Perhaps we’ve seen peak NFL. The TV audience is continually splitting apart anyway…
Fair Economist
@Princess:Oh, it’s stronger than that. No respiratory virus produces long-term sterilizing immunity, and you can catch any of them again after a year or so. Repeat infections are normally milder, but 2 of the 3 re-infections definitively confirmed so far were actually worse the second time. It’s a biased sample (because people mildly sick are less likely to be tested) but it looks like COVID is still dangerous on repeat infections. Herd immunity just won’t work for this respiratory virus at all.
mrmoshpotato
@mad citizen: The lack of crowd hasn’t affected my love of baseball. The canned crowd noise is annoying.
I saw the Lions blow it versus the Bears, but only the last minute, so I can’t opine about the football.
bluefoot
@Robert Sneddon:
If EVERYONE followed masking, social distancing, people had appropriate & sufficient PPE, etc and we got the infection rate low enough, the disease would essentially die out except for new hotspots, because no one new would be infected. In hotspots/new outbreaks, we could trace and stop the spread.

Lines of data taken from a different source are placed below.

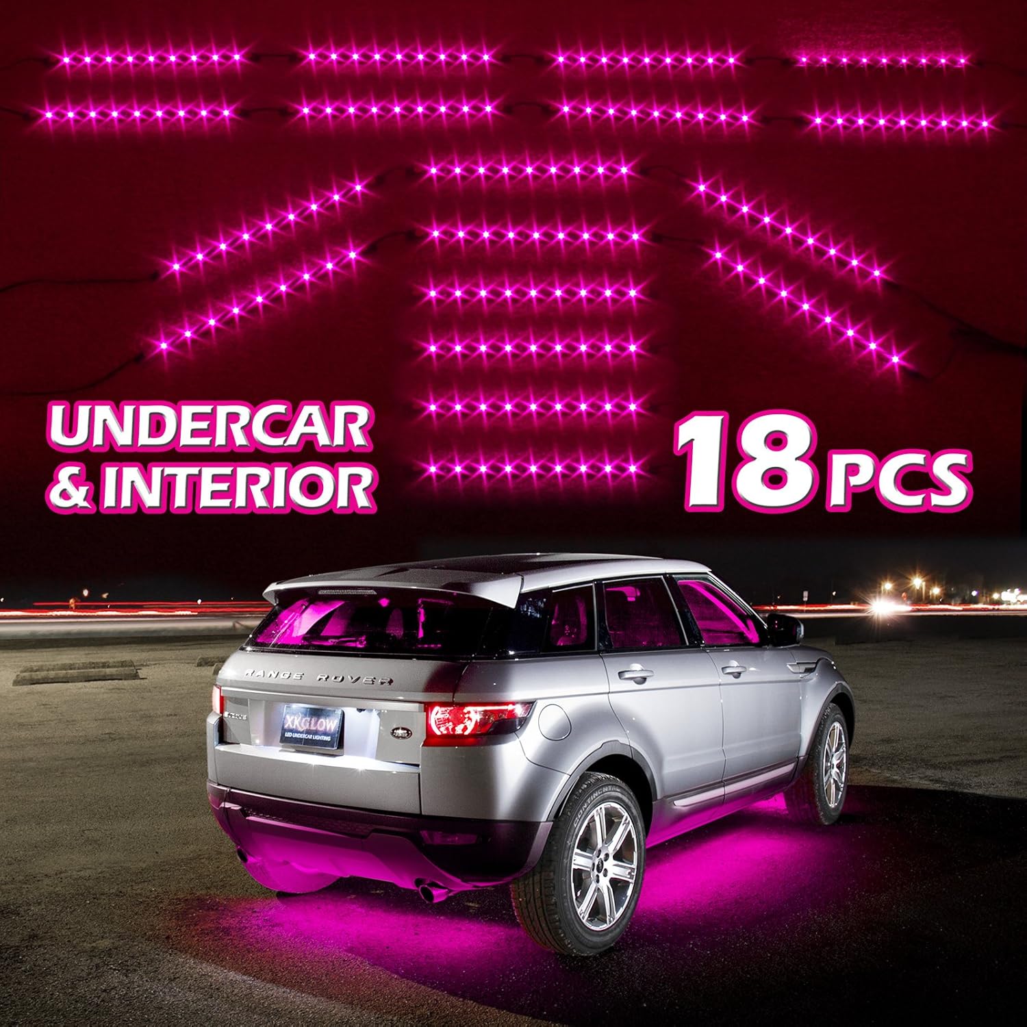 PINK Premium 18pcs Underglow + Car Interior Three Mode LED Neon Accent light Kit Waterproof Ultra Bright + Plug & Play Ultimate Coverage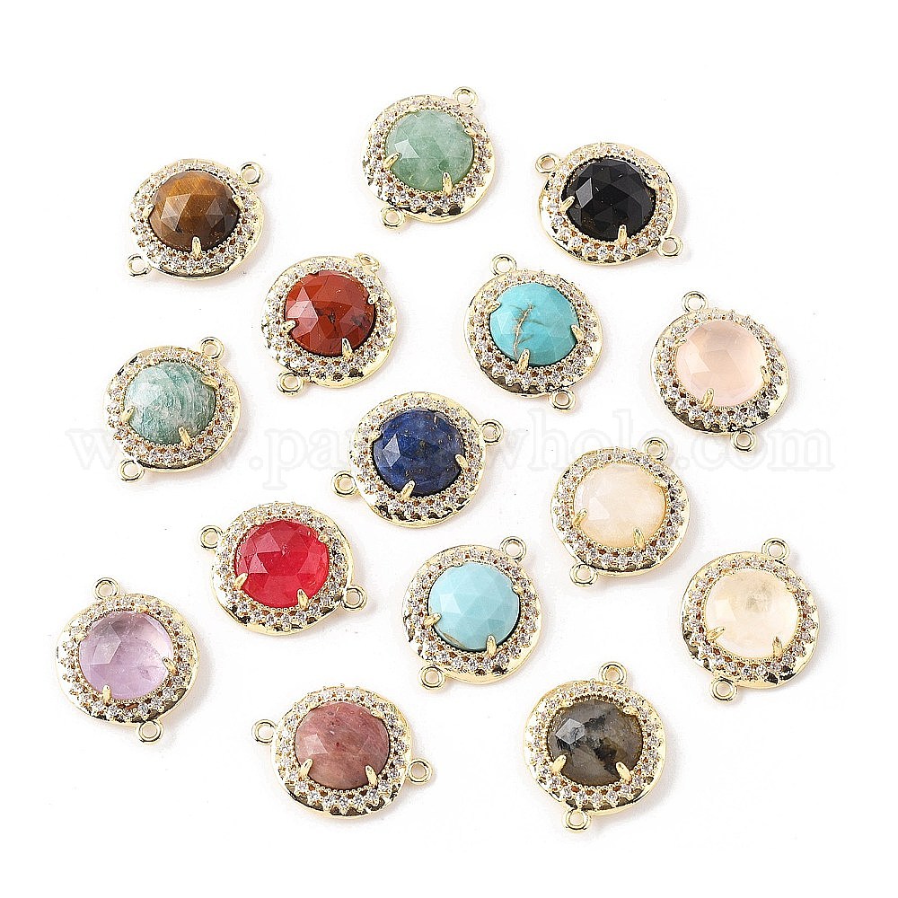 Подвески-коннекторы с гранеными драгоценными камнями, латунные микро-паве прозрачные кубические цирконии плоские круглые драгоценные камни звенья, золотые, стойки покрытие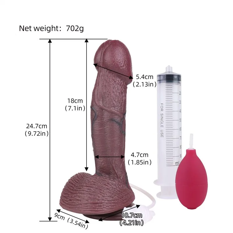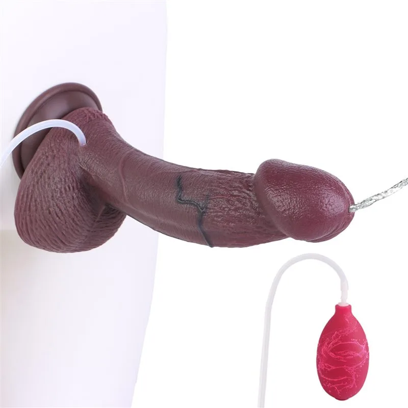9.7 Inch Black Big Head Real Life Like Silicone Ejaculating Dildo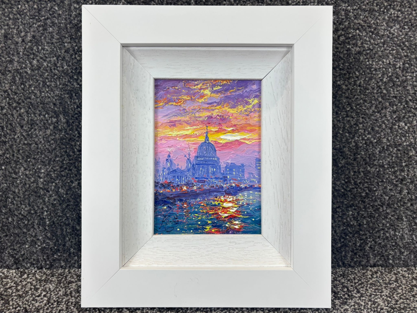 A dynamic interplay of colour defines the scene, with bold impasto brushwork bringing the sky to life in radiant hues of purple, pink, and gold. The shimmering reflections across the water echo these tones, creating depth and movement, while the cathedral’s silhouette stands with quiet authority at the centre. The balance between structure and abstraction gives the piece both energy and sophistication.
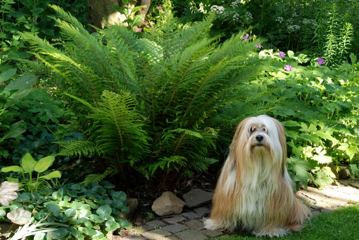 und hier bewacht der gefährliche Wachhund den Farn Polystichum setiferum pulcherrimum ´Bevis´ und macht außerdem die Größenverhältnisse deutlich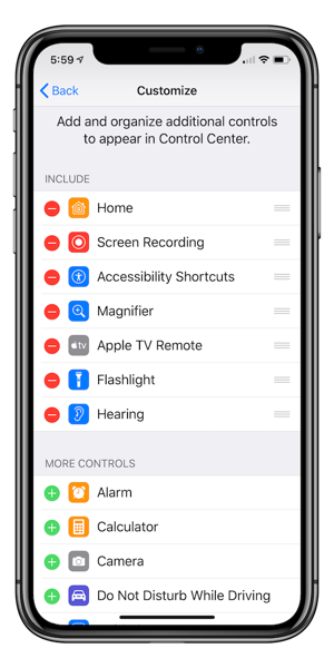 Not to take anything away from the device he got at Braille, I wanted to show him the built-in magnifier in iOS. I opened up Settings, Control Center and then selected Customize Controls. At this point, you can add and delete items from Control Center using the plus and minus buttons, and then use the hamburger buttons to change the display order of the chosen controls.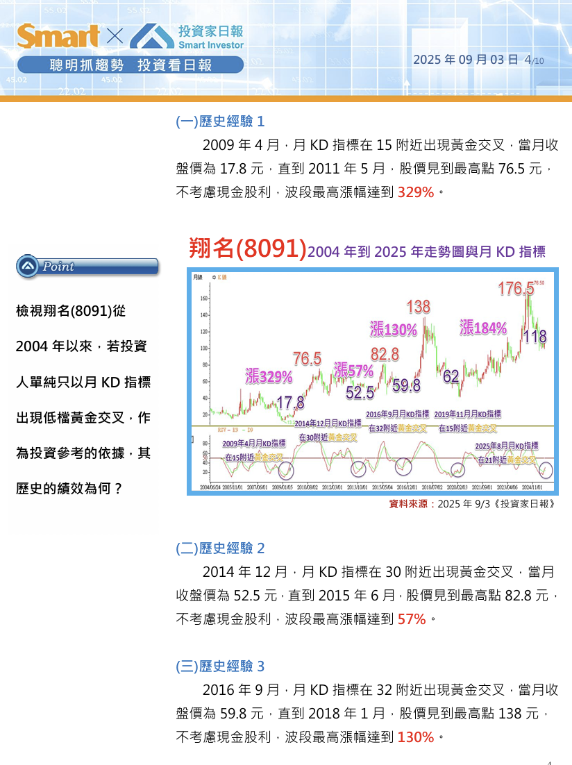 檢視2025年8月底出現月KD指標在25以下黃金交叉的口袋名單,核心業務在半導體設備的翔名(8091)是第一檔引起慶龍研究的標的,從2004年以來,若投資人單純只以月KD指標出現低檔黃金交叉,作為投資參考的依據,其歷史的績效為何?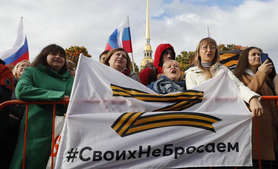 EPA-EFE/ANATOLY MALTSEVRusi su masovno izašli na ulice Moskve i Sankt Peterburga da bi se okupili u znak podrške pripajanju okupiranog ukrajinskog regiona Donbasa Rusiji. U utorak su četiri ukrajinska okupirana regiona – Donjeck, Lugansk, Herson i Zaporožje – najavile referendum o pridruživanju Rusiji od 23. do 27. septembra. Odluku su pozdravile ruske vlasti i osudile zapadni političari.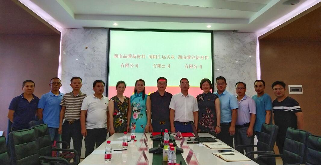 6月25日上午,湖南晶碳新材料有限公司、浏阳汇远实业有限公司、湖南碳谷新材料有限公司入园项目签约仪式顺利举行,晶碳公司董事长刘俊锋先生、碳谷公司董事长杨柳女士、汇远实业常务副总经理贺喜华先生、双方重要领导人及重要合作伙伴等出席仪式,共同见证签约仪式。

And then we would have time to distribute a good vaccine and continue testing treatments.
Helen
Big 10 starts football in October. Stadium seating is restricted. I’m afraid the Covid exposure won’t be at the game but at the sports bars and at football-watching parties. There will definitely be a SPIKE.
Robert Sneddon
@bluefoot: Ummm, no. That’s facile of me, I know but this is a respiratory disease with low immunity in the general population, high communicability and sufficient “hang time” in shared spaces to give it a window of opportunity to infect others even in edge cases. This makes it ineradicable in humans, pretty much and that’s not even taking possible animal reservoirs of this virus into account.
Presuming everyone will do the right thing all the time in terms of prophylactics to defeat this disease is what I call “engineering solutions to people problems”. My own such solution is that everyone on the planet, no exceptions, goes into individual quarantine for twenty-one days simultaneously. That would cut cross-infection to zero and the virus would die out in the human population. It won’t, it can’t work, same with the “everyone wears a mask and washes their hands and…” solution because people are people and this disease is a people problem at its heart.
I can’t blame people for being people though. It’s easy to condemn the Other for not doing the right thing that you are certain is needful and necessary. That attitude is cult-like and leads to groupthink of the nastiest sort and I am myself constantly checking my own presumptions about this disease and what others are saying and doing about it even if I’m sure they’re not good for all of us.